Every day, I am thankful to live in East Texas.
Believe it or not, this was never the “plan” I had in mind three years ago. I was going to graduate college (Wreck'Em!), move to the metroplex and create PR campaigns for some big corporation or I was going to work in politics. Well, we didn’t quite get there. At all.
I didn’t apply for jobs right out of college. My parents told me to wait. What kind of parents tell their child to WAIT to find a JOB out of college? Ha! Mine. We went on several fun vacations in the summer of 2015. By September, I was searching high and low for my dream job and any excuse to get out of my parents house. I interviewed with two different companies for two very different jobs. One position was with the University of Texas at Tyler and the other was with Disney Cruise Line. See…I told you they were different. I made it to the final round of interviews for both positions. These weren’t just face to face interviews. They were extensive. They wanted to know that I could write, speak, use social media fluently and everything in between. I even had to create sample content for both entities. You can only imagine how crushing it was to get the “we’re sorry to inform you email.” I continued working for my parents (they owned a business at the time) and while it wasn’t the worst job in the world, it wasn’t meant for me. It took me a while to realize this, but God gently said “Ashton, I have something else in store for you.”
Have you ever read Love Does by Bob Goff? If you haven’t, you should. In his book, Bob notes: “I’ve learned that God sometimes allows us to find ourselves in a place where we want something so bad that we can’t see past it…when we want something that bad, it’s easy to mistake what we truly need for the thing we really want…all along, what God really wants for us is something much different, something more tailored to us.”
I learned that God wanted something much different for me. Two years ago, I jumped back into journalism, partially because it came natural to me and partially because I needed something else to do. To be honest, I never even intended to be here this long, but God wants me to pursue it.

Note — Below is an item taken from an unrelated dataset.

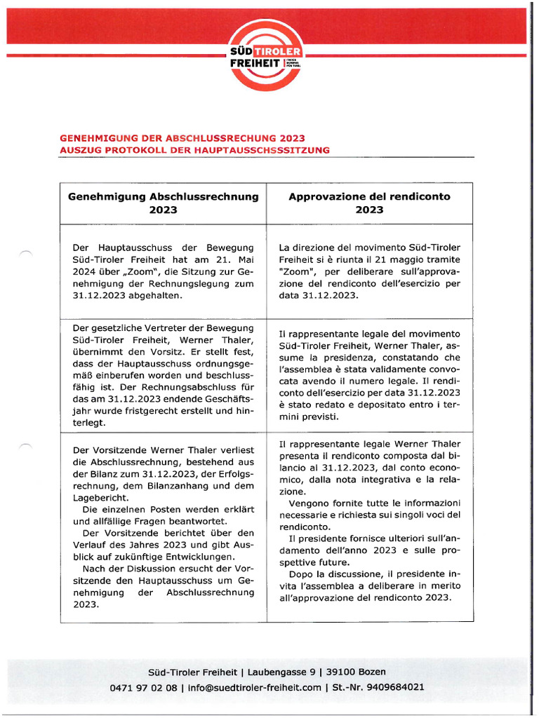 0471 97 02 08 | info@suedtiroler-freiheit.com | St.-Nr. 9409684021Genehmigung Jahresabschluss | Approvazione rendiconto [E7ERa

I have a love-hate relationship with writing. I love telling the stories of others and I love sharing real, factual information with all of you. I hate that I am a perfectionist and I hate that whatever I write for all of you is never good enough in my book. I changed my major halfway through my college career because I didn’t want to get back into publications upon graduation. This profession was never on MY radar, but it was on God’s.
I often get asked (by many people in Kilgore), “How’s Henderson?” I know they mean no harm by it and they are just generally asking about my job, but in the last few weeks I have hated this question. Why? Because for the past few weeks I have asked myself “what in the world are you doing in Henderson, Texas?” I even downloaded a few job searching apps on my phone. I was in a funk. But even as I mindlessly scrolled through jobs, I couldn’t bring myself to apply for anything. Why? Because I can’t imagine doing anything else right now. Do I want to be doing this forever? Absolutely not (I’m a Kilgore girl, remember?) but I will cherish this season. My dream of working in public relations or even politics has not diminished. It has blossomed. Henderson is a stepping stone for me. Do you know anyone under the age of 25 that runs the editorial department of a newspaper? Even I sometimes forget how important my job is. So many of you have taught me things I would have never learned working for a big corporation, a university or even Disney Cruise Line.
I am constantly learning that God is not limited by my location. He just wants me to have a willing and obedient heart. He is preparing and equipping me for what lies ahead. On the days that I could walk out and never look back, God pulls on my heart strings. Whether I am here for a little while or five years, I am confident that this is where I am supposed to be right now.
The bigger picture is far more important than the small fraction of the image we choose to focus on. God can take any circumstance and work wonders with it. He’s really good at doing that, isn’t He?